**Stored items from a collection**
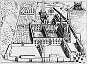 L'abbaye Saint-Wandrille dans le Monasticon Gallicanum. Gravure du XVIIe siècle.
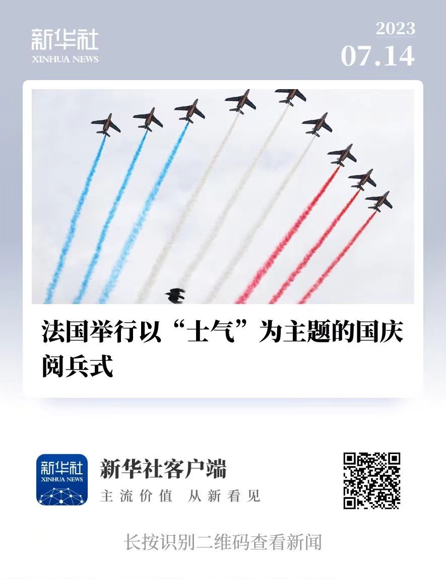 ↑2023年7月14日,“法兰西巡逻兵飞行表演队”参加在法国巴黎举行的国庆阅兵式。
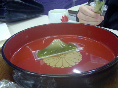 富士山の形のようかんもごちそうになる。これって見たことあるようなないようなお菓子。結構おいしかった☆
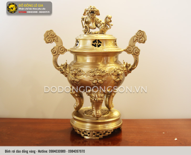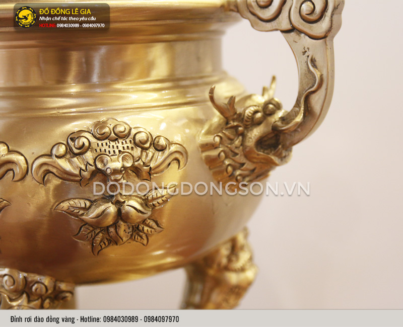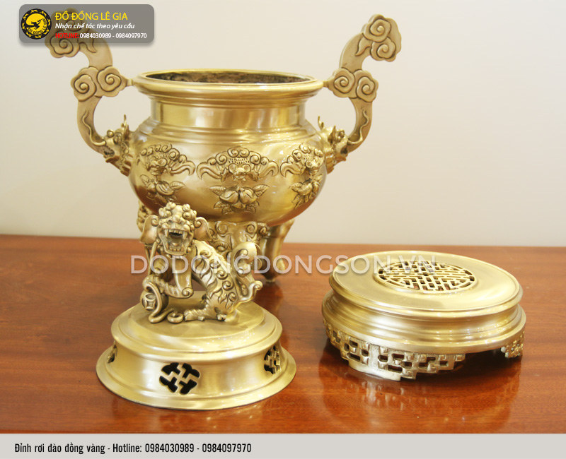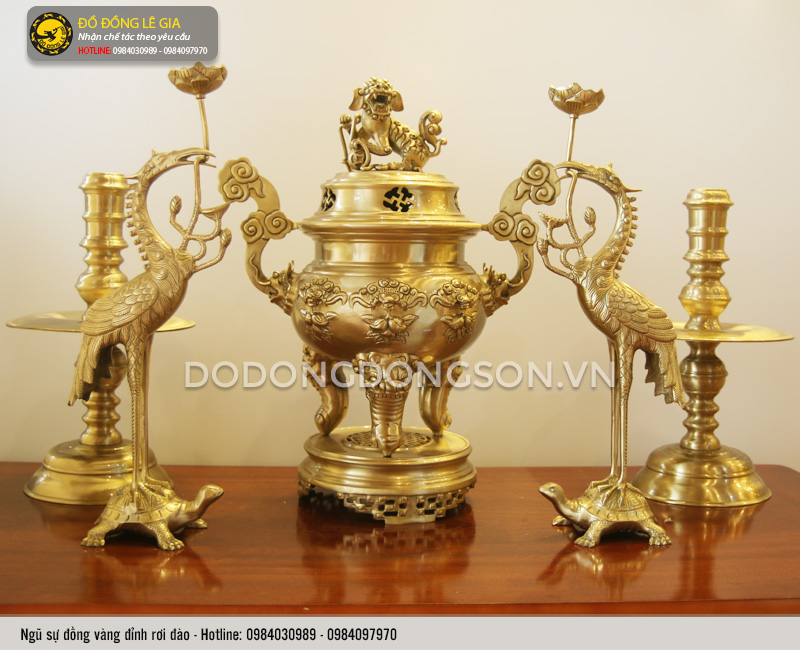 Được chế tác bằng tất cả cái tâm và cái tầm của những nghệ nhân dày dặn kinh nghiệm của xưởng đồ đồng Lê Gia. Từng đường nét, hoạ tiết trang trí trên các sản phẩm được chau chuốt một cách tỉ mỉ, cẩn thận. Kết hợp với đó là việc lựa chọn sử dụng chất liệu đồng vàng cao cấp. Bề mặt sản phẩm có màu vàng tươi sáng lại được phủ bóng. Từ đó cho ra đời bộ sản phẩm đẹp, tinh xảo, sang trọng, lại có độ bền vượt trội, hạn chế tối đa sự tác động của môi trường.
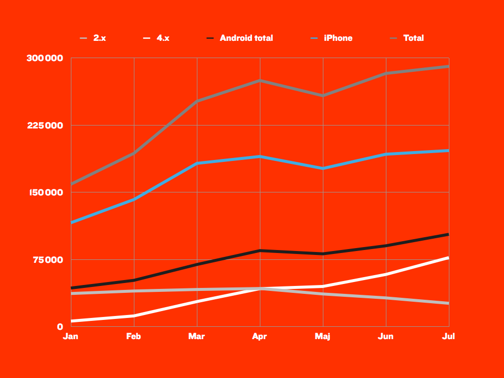Jag, och de flesta andra på Feber-redaktionen, har aldrig varit speciellt imponerade över gamla Android. Helt ok, men inte med den finish och skärpa man kan kräva. Speciellt webbupplevelsen under 2.x har varit flera steg efter den under iOS. Detta har också synts i statistiken, inte bara här på Feber, och Android har länge varit flera steg efter vad man borde ha om man tittar på försäljningsstatistiken.Men så kom Android 4, sakta men säkert. Väldigt sakta tyvärr eftersom det är en så trevlig uppdatering. Men nu rullar uppdateringarna och nya telefoner ut och fler och fler av er får ta del av ett betydligt vackrare OS och framförallt allt - en betydligt bättre webbupplevelse. Och det syns på statistiken som ni ser här. Av er som kör Android och surfar på Feber med din telefon har tre av fyra nu Android 4. Maj var en dålig månad för oss på Feber (då vi låg nere mycket) så därför är det en konstigt fall där för alla operativ. Som ni ser står 2.x relativt still fram till juni då siffrorna börjar vika, men totalen för Android fortsätter att öka. iPhone ökar också, men relativt sett mindre än tidigare. Ni Feberbesökare är ju först i ledet med att använda ny teknik så vi ligger nog före många andra siter i den här utvecklingen, men det känns som att Android äntligen kommer att användas för mobilsurf och att de flesta siter under hösten kommer att få se en fortsatt ökad mobiltrafik.Det vi har tittat på här är besök per månad från iPhone (alltså inte iOS totalt), Android 2.x och Android 4.x.
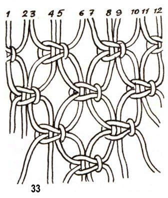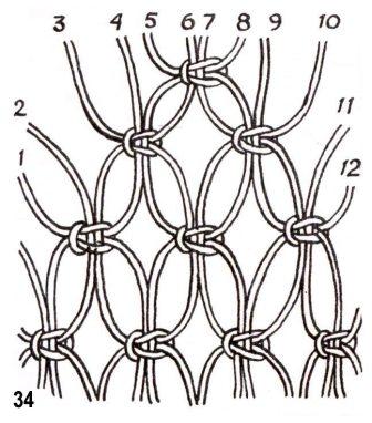 Это плетение выполняется от одного узла и в каждом последующем ряду провязывается по одному дополнительному узлу, т. е. плетется от одного узла к нескольким (рис.34). |
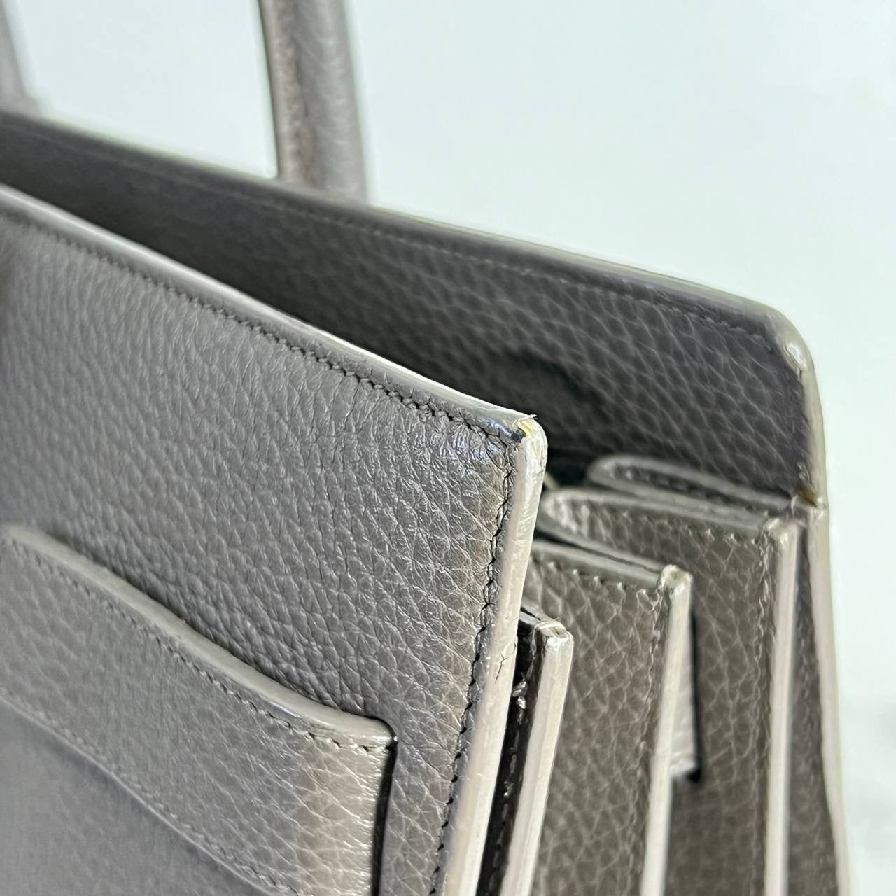 Flaw/s: minor rubs on corners and top handle, glazing wear on the side, minor scuff on the top corners & few dirt on interior
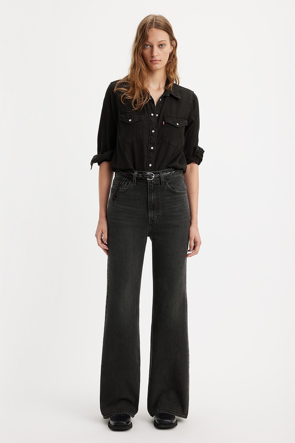 Levi's - Blugi evazati cu talie inalta Ribcage, Negru stins, W29-L30
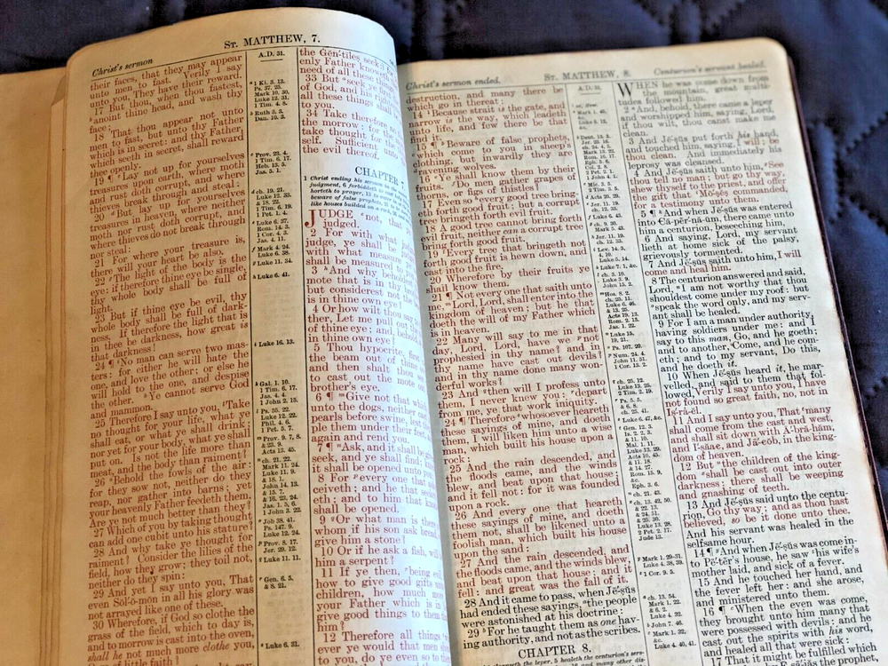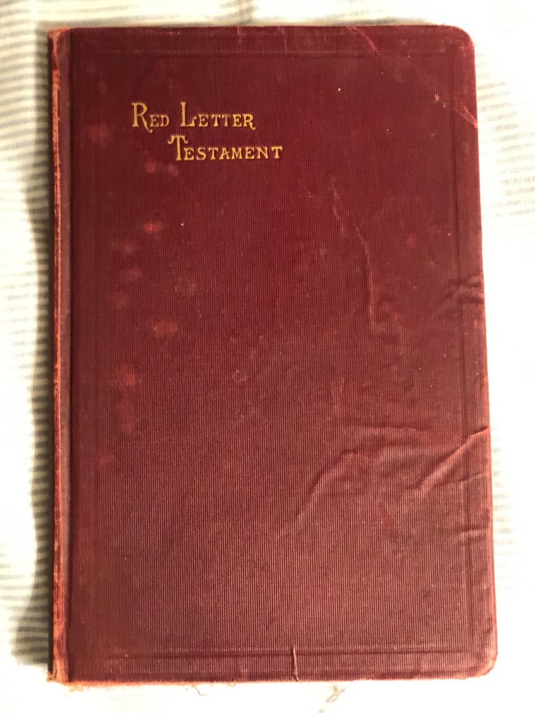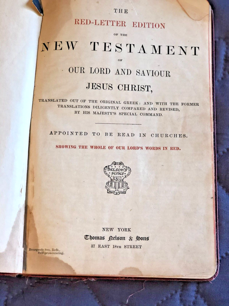VINTAGE RED LETTER TESTAMENT New York,. NY, Thomas Nelson & Sons Red Leather Bound No date in publication c. 1935 CONDITION: VERY GOOD -. Scuffing, staining and toning to Spine, Covers, Corners, Edges, Pages and Page Edges. Mild random staining. Lead pencil price codes top right corner first End-Page. No Other Marks. VERY GOOD-.
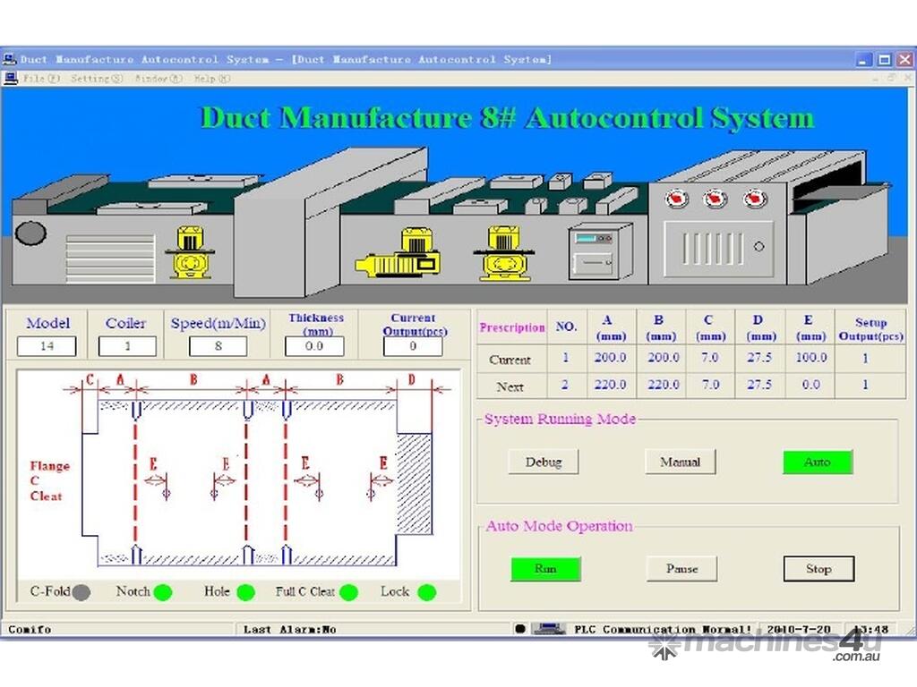 This auto line consists of twin Decoiler (a special design which is easy to load coils in construction site), straightening, beading, punching, notching, shearing, patented automation Pittsburgh lock forming (shearing, Pittsburgh lock, right angle lock in one time), duplex TDF flange forming, duplex right angle lock forming (for angle iron), and TDF folding. It

**About this exercise**
Your copy of the records above should be exact and contain no pictures.

**Exercise result**
 L'abbaye Saint-Wandrille dans le Monasticon Gallicanum. Gravure du XVIIe siècle.
 ↑2023年7月14日,“法兰西巡逻兵飞行表演队”参加在法国巴黎举行的国庆阅兵式。
 富士山の形のようかんもごちそうになる。これって見たことあるようなないようなお菓子。結構おいしかった☆
 Được chế tác bằng tất cả cái tâm và cái tầm của những nghệ nhân dày dặn kinh nghiệm của xưởng đồ đồng Lê Gia. Từng đường nét, hoạ tiết trang trí trên các sản phẩm được chau chuốt một cách tỉ mỉ, cẩn thận. Kết hợp với đó là việc lựa chọn sử dụng chất liệu đồng vàng cao cấp. Bề mặt sản phẩm có màu vàng tươi sáng lại được phủ bóng. Từ đó cho ra đời bộ sản phẩm đẹp, tinh xảo, sang trọng, lại có độ bền vượt trội, hạn chế tối đa sự tác động của môi trường.
Jag, och de flesta andra på Feber-redaktionen, har aldrig varit speciellt imponerade över gamla Android. Helt ok, men inte med den finish och skärpa man kan kräva. Speciellt webbupplevelsen under 2.x har varit flera steg efter den under iOS. Detta har också synts i statistiken, inte bara här på Feber, och Android har länge varit flera steg efter vad man borde ha om man tittar på försäljningsstatistiken.Men så kom Android 4, sakta men säkert. Väldigt sakta tyvärr eftersom det är en så trevlig uppdatering. Men nu rullar uppdateringarna och nya telefoner ut och fler och fler av er får ta del av ett betydligt vackrare OS och framförallt allt - en betydligt bättre webbupplevelse. Och det syns på statistiken som ni ser här. Av er som kör Android och surfar på Feber med din telefon har tre av fyra nu Android 4. Maj var en dålig månad för oss på Feber (då vi låg nere mycket) så därför är det en konstigt fall där för alla operativ. Som ni ser står 2.x relativt still fram till juni då siffrorna börjar vika, men totalen för Android fortsätter att öka. iPhone ökar också, men relativt sett mindre än tidigare. Ni Feberbesökare är ju först i ledet med att använda ny teknik så vi ligger nog före många andra siter i den här utvecklingen, men det känns som att Android äntligen kommer att användas för mobilsurf och att de flesta siter under hösten kommer att få se en fortsatt ökad mobiltrafik.Det vi har tittat på här är besök per månad från iPhone (alltså inte iOS totalt), Android 2.x och Android 4.x.
 Это плетение выполняется от одного узла и в каждом последующем ряду провязывается по одному дополнительному узлу, т. е. плетется от одного узла к нескольким (рис.34). |
 Flaw/s: minor rubs on corners and top handle, glazing wear on the side, minor scuff on the top corners & few dirt on interior
 Levi's - Blugi evazati cu talie inalta Ribcage, Negru stins, W29-L30
VINTAGE RED LETTER TESTAMENT New York,. NY, Thomas Nelson & Sons Red Leather Bound No date in publication c. 1935 CONDITION: VERY GOOD -. Scuffing, staining and toning to Spine, Covers, Corners, Edges, Pages and Page Edges. Mild random staining. Lead pencil price codes top right corner first End-Page. No Other Marks. VERY GOOD-.
 This auto line consists of twin Decoiler (a special design which is easy to load coils in construction site), straightening, beading, punching, notching, shearing, patented automation Pittsburgh lock forming (shearing, Pittsburgh lock, right angle lock in one time), duplex TDF flange forming, duplex right angle lock forming (for angle iron), and TDF folding. It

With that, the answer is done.